### Work to be completed
Exactly as written, output the lines below starting from the first and ending with the line that contains "4、點擊立即運行即可啟動自動按鍵點擊任務(wù)。"; omit pictures.

### Data below
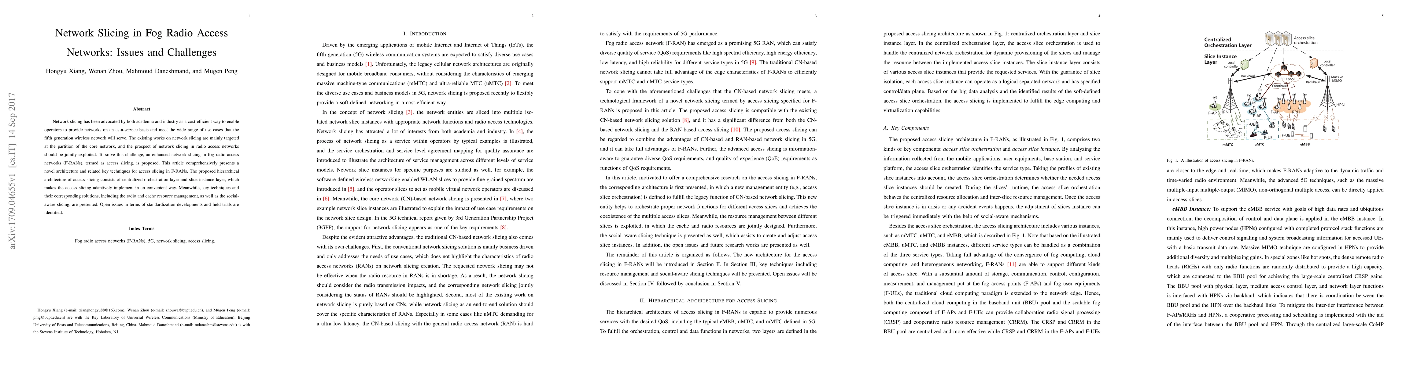 This paper proposes a novel architecture for network slicing in fog radio access networks (F-RANs) termed access slicing, featuring a centralized orchestration layer and slice instance layer. It also discusses key techniques like radio and cache resource management, and identifies open issues in standardization and field trials.
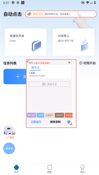 4、點擊立即運行即可啟動自動按鍵點擊任務(wù)。
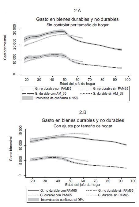 La Gráfica 2.A acerca de los componentes durable y no durable del gasto sin ajuste demográfico, y la Gráfica 2.B, con ajuste por tamaño de hogar, confirman y permiten profundizar sobre los hallazgos de la Gráfica 1. Después de ajustar los perfiles usando la escala de equivalencia de la OCDE, se identifica que el consumo de los hogares sin adultos mayores presenta un comportamiento más suave a lo largo del ciclo familiar. Específicamente, el descenso del consumo de los hogares con personas adultas mayores después de alcanzar el máximo flujo de gasto marca la diferencia; en particular, los hogares con adultos mayores tienen una mayor caída proporcional del consumo de bienes durables frente a los no durables.
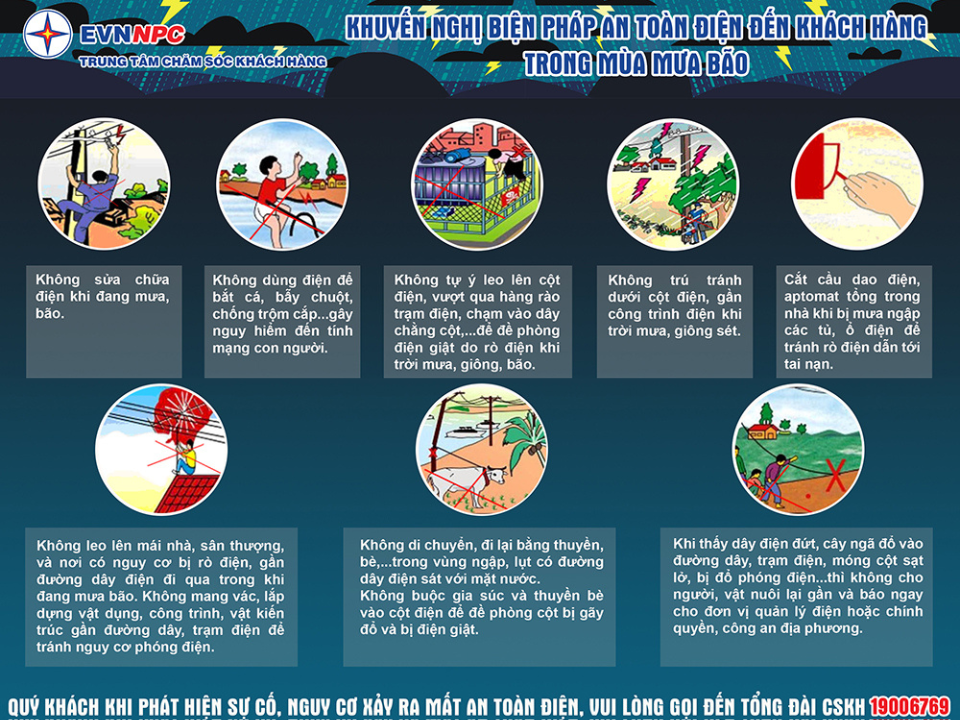 Trung tâm chăm sóc khách hàng khuyến nghị biện pháp an toàn điện trong mùa mưa bão

### Task answer
 This paper proposes a novel architecture for network slicing in fog radio access networks (F-RANs) termed access slicing, featuring a centralized orchestration layer and slice instance layer. It also discusses key techniques like radio and cache resource management, and identifies open issues in standardization and field trials.
 4、點擊立即運行即可啟動自動按鍵點擊任務(wù)。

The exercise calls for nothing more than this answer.